The editors would send along new cuts of each game each day for Zagar, Mulligan, Sandler, and the rest of the core filmmaking team to approve. “We would look at the pieces we were missing and how could we improve on them,” Zagar said. A second-unit team would then capture additional closeups to be added in later.
The result is a conventional heartstrings-pulling underdog sports movie with filmmaking that registers as a cut above. Zagar said he and Sandler agreed about the need for a performance that matched the documentary-like approach. “I think he was open to a more muted, naturalistic acting style,” Zagar said. “He wanted to do something that felt real.” The actor, who brings genuine feeling to the role of a would-be NBA star attempting his second chapter in life, didn’t prove difficult on set. “What blew my mind about Adam is that it’s never bullshit — you feel the authenticity of him in every single take,” Zagar said. “It’s a rare thing where all their takes are good. They don’t mess up. It’s a quality that only the greatest actors have.”
The synergy between the A-list actor and neophyte director is a Hollywood rarity. Many Sundance breakouts are lured by costly studio gigs, and “Hustle” hits Netflix the same week as Colin Trevorrow’s “Jurassic World: Dominion,” a decade after Trevorrow’s own Sundance breakout “Safety Not Guaranteed” brought him into the franchise.
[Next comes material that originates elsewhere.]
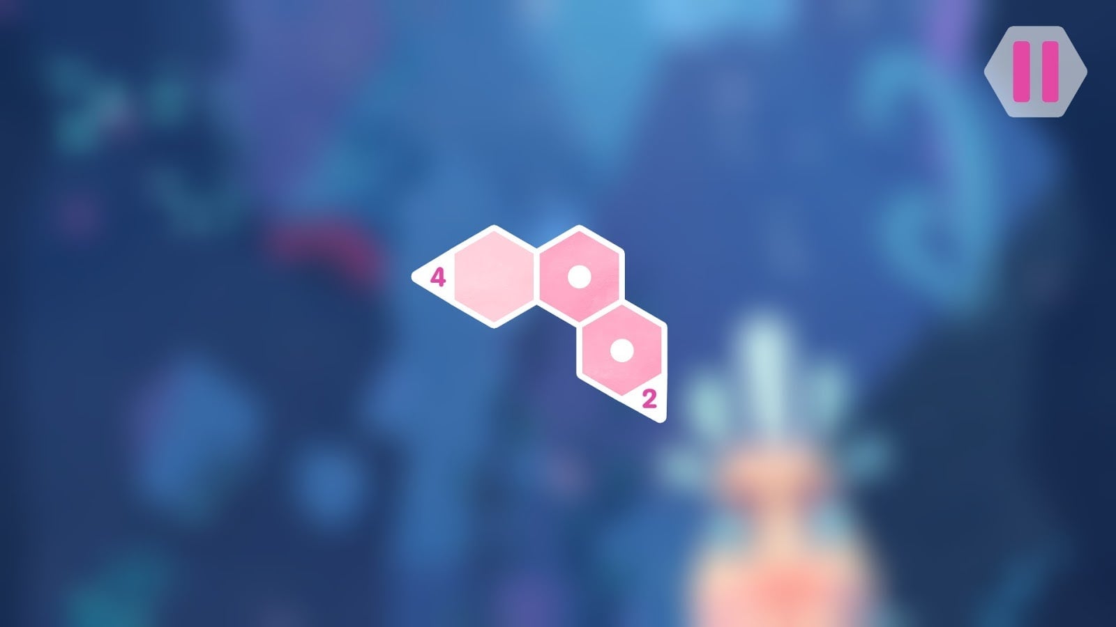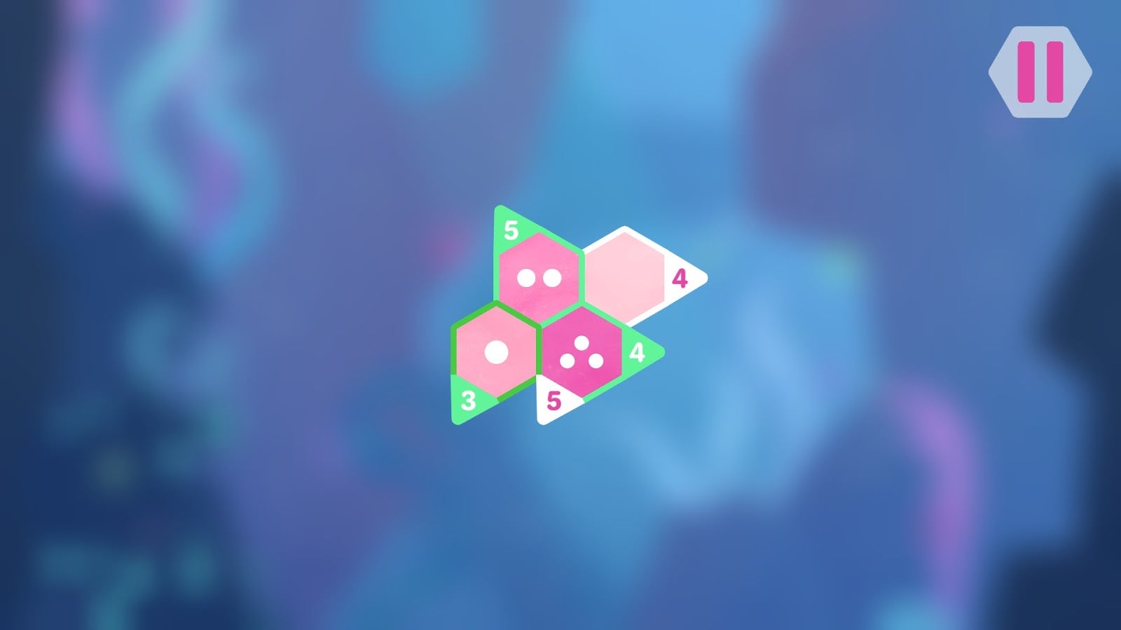 Each of the game’s more than 100 levels features one or more blank hexagonal spaces. All players have to do is fill in those spaces with one, two or three dots, in such a way that the sum of the dots jibes with the numbers on the outside of the hexagons. Here’s the game’s second level, which illustrates the concept nicely.

But Zagar said his experience on this bigger effort had changed his original trajectory. He was still in the writing stages of “The Fact of a Body” and developing a secretive docuseries for Apple he expected to have ready for next year, but he was mostly excited about leveraging the resources from those projects to make another feature from his next script. “I’m going to do my own thing,” he said. “I just want to make my own movies.”
“Hustle” is now streaming on Netflix.